- **WORK TASK**:
In the records below, the lines between the one holding "Basic press pass" and the one holding "Профессиональный комплект из", inclusive, are to be transcribed exactly; no pictures are to be included.
EXERCISE INPUTS section start
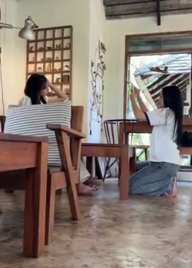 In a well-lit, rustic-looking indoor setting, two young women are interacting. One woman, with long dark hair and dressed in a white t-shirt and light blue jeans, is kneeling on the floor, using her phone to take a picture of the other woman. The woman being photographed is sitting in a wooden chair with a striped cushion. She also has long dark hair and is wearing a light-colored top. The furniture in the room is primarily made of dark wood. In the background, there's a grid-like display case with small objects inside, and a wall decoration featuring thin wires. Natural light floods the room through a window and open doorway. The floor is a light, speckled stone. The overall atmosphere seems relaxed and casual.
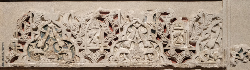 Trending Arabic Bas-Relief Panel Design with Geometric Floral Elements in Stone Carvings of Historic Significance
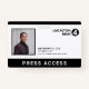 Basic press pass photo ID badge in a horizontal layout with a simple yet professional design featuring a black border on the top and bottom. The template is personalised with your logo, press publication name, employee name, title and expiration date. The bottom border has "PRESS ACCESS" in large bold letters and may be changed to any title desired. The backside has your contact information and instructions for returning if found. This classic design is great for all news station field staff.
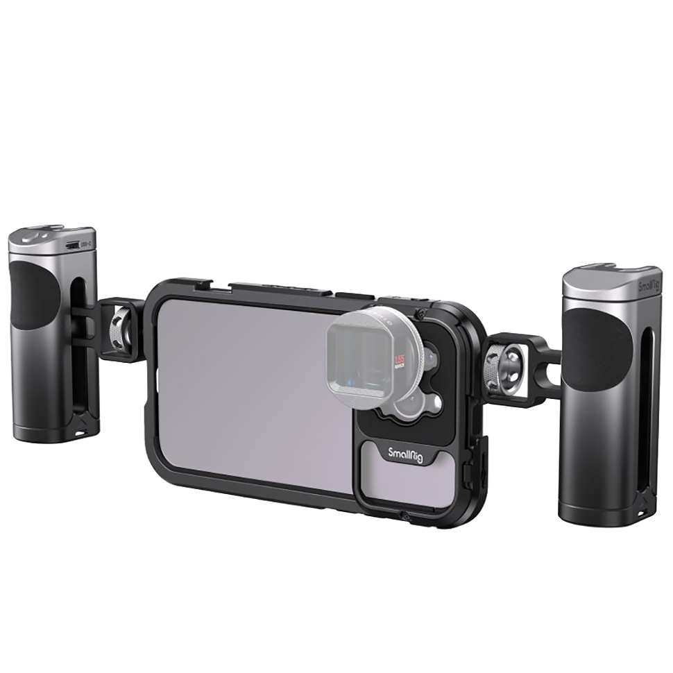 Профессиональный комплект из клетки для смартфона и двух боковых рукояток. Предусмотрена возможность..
EXERCISE INPUTS section end
EXERCISE INPUTS section start
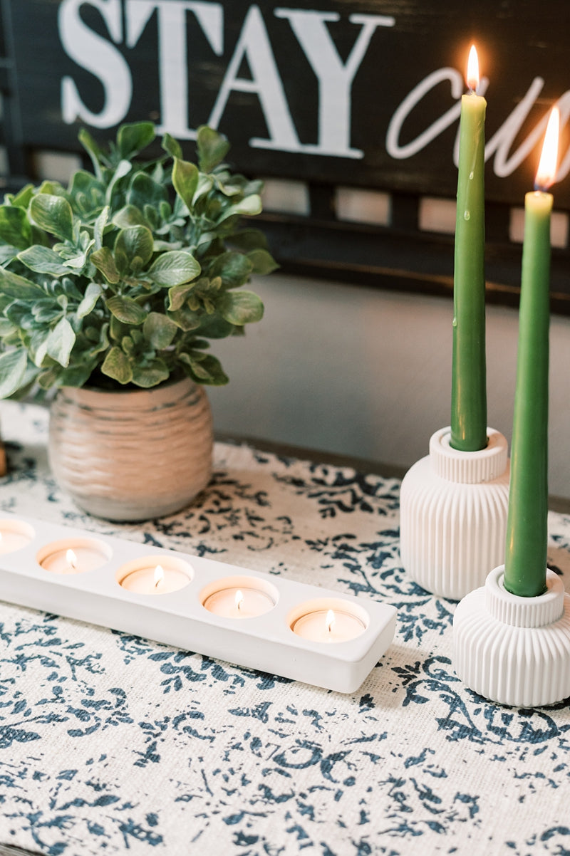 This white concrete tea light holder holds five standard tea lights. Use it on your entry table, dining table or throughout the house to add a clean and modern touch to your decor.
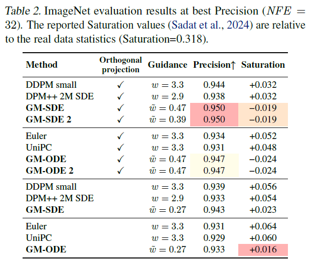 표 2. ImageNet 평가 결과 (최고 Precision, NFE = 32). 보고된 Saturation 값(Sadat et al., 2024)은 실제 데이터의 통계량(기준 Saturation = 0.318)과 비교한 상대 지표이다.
EXERCISE INPUTS section end
- **RESPONSE**:
 Basic press pass photo ID badge in a horizontal layout with a simple yet professional design featuring a black border on the top and bottom. The template is personalised with your logo, press publication name, employee name, title and expiration date. The bottom border has "PRESS ACCESS" in large bold letters and may be changed to any title desired. The backside has your contact information and instructions for returning if found. This classic design is great for all news station field staff.
 Профессиональный комплект из клетки для смартфона и двух боковых рукояток. Предусмотрена возможность..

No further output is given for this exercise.